> **GIVEN DATA**:
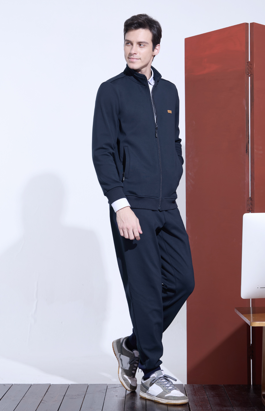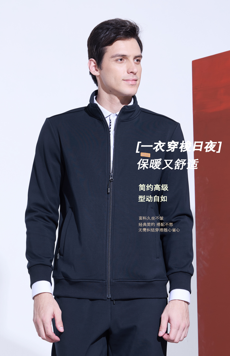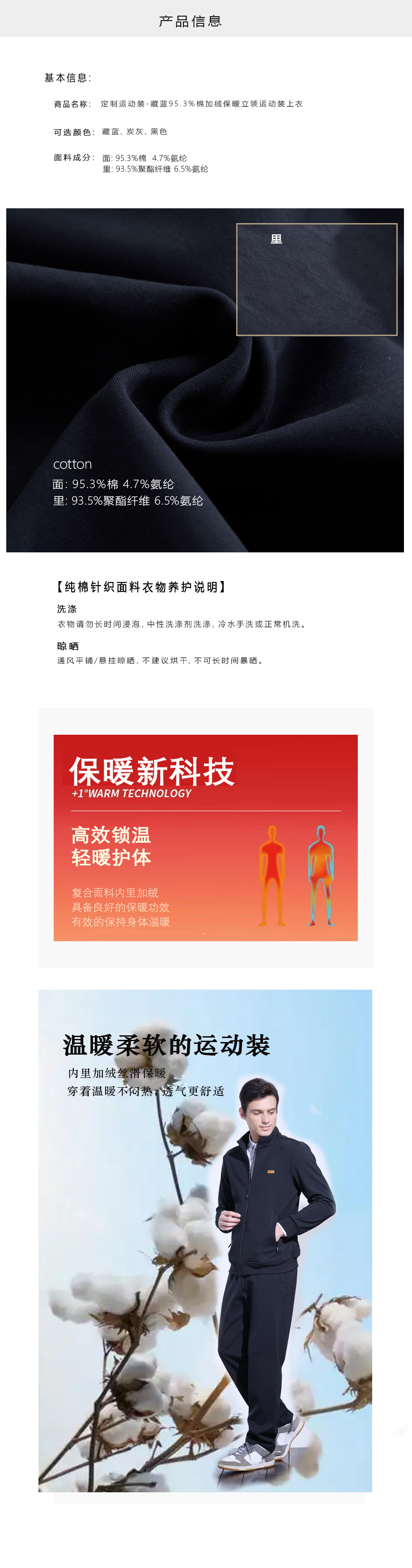 | 款名: | 定制运动装-藏蓝色95.3%棉加绒有挂面立领秋冬商务运动装上衣 | |||
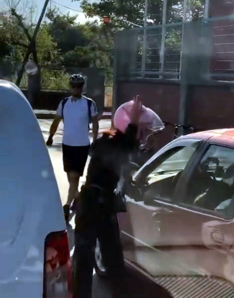 Olaya sinirlenen motosiklet sürücüsü, motosikleti durdurardak otomobilin yanına geldi. "Sana ne?" diye bağıran şahıs bir süre sonra otomobilin camına vurmaya başladı.
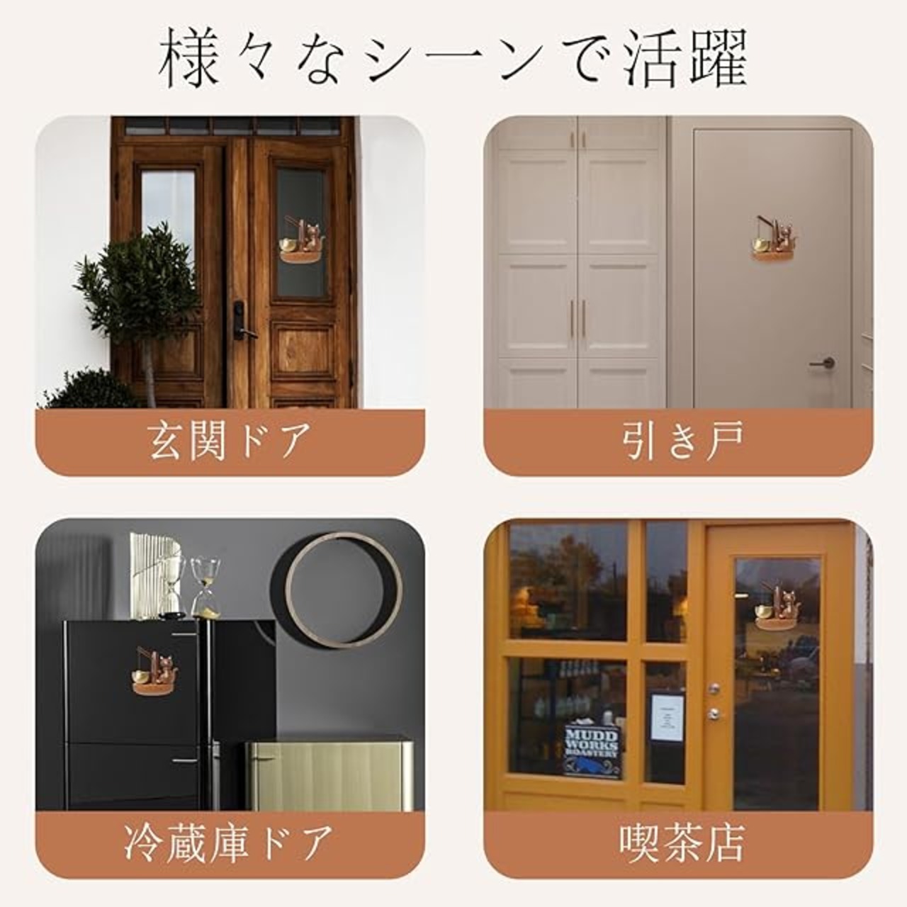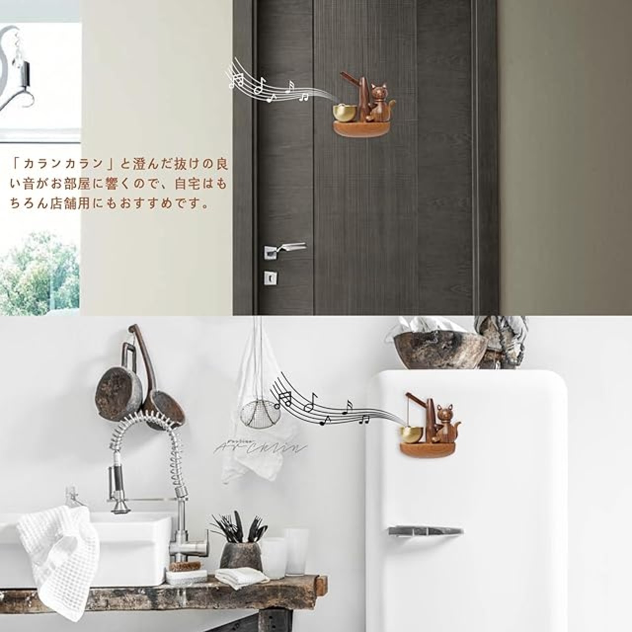 【スタイリッシュなデザイン】キュートな子猫型が存在感を放つ,超かわいい。てのひらに乗るコンパクトなドアベル。ドアを開けた時、程良い音色がします。小さめシンプルな形で作りもキレイ 。普通のドアに貼って鳴ってくれだけでなく、引き戸でも音を立てます。

> **BRIEF**: What is needed is the listing above, repeated verbatim, without its images.

> **SOLVED PROBLEM**:
 | 款名: | 定制运动装-藏蓝色95.3%棉加绒有挂面立领秋冬商务运动装上衣 | |||
 Olaya sinirlenen motosiklet sürücüsü, motosikleti durdurardak otomobilin yanına geldi. "Sana ne?" diye bağıran şahıs bir süre sonra otomobilin camına vurmaya başladı.
 【スタイリッシュなデザイン】キュートな子猫型が存在感を放つ,超かわいい。てのひらに乗るコンパクトなドアベル。ドアを開けた時、程良い音色がします。小さめシンプルな形で作りもキレイ 。普通のドアに貼って鳴ってくれだけでなく、引き戸でも音を立てます。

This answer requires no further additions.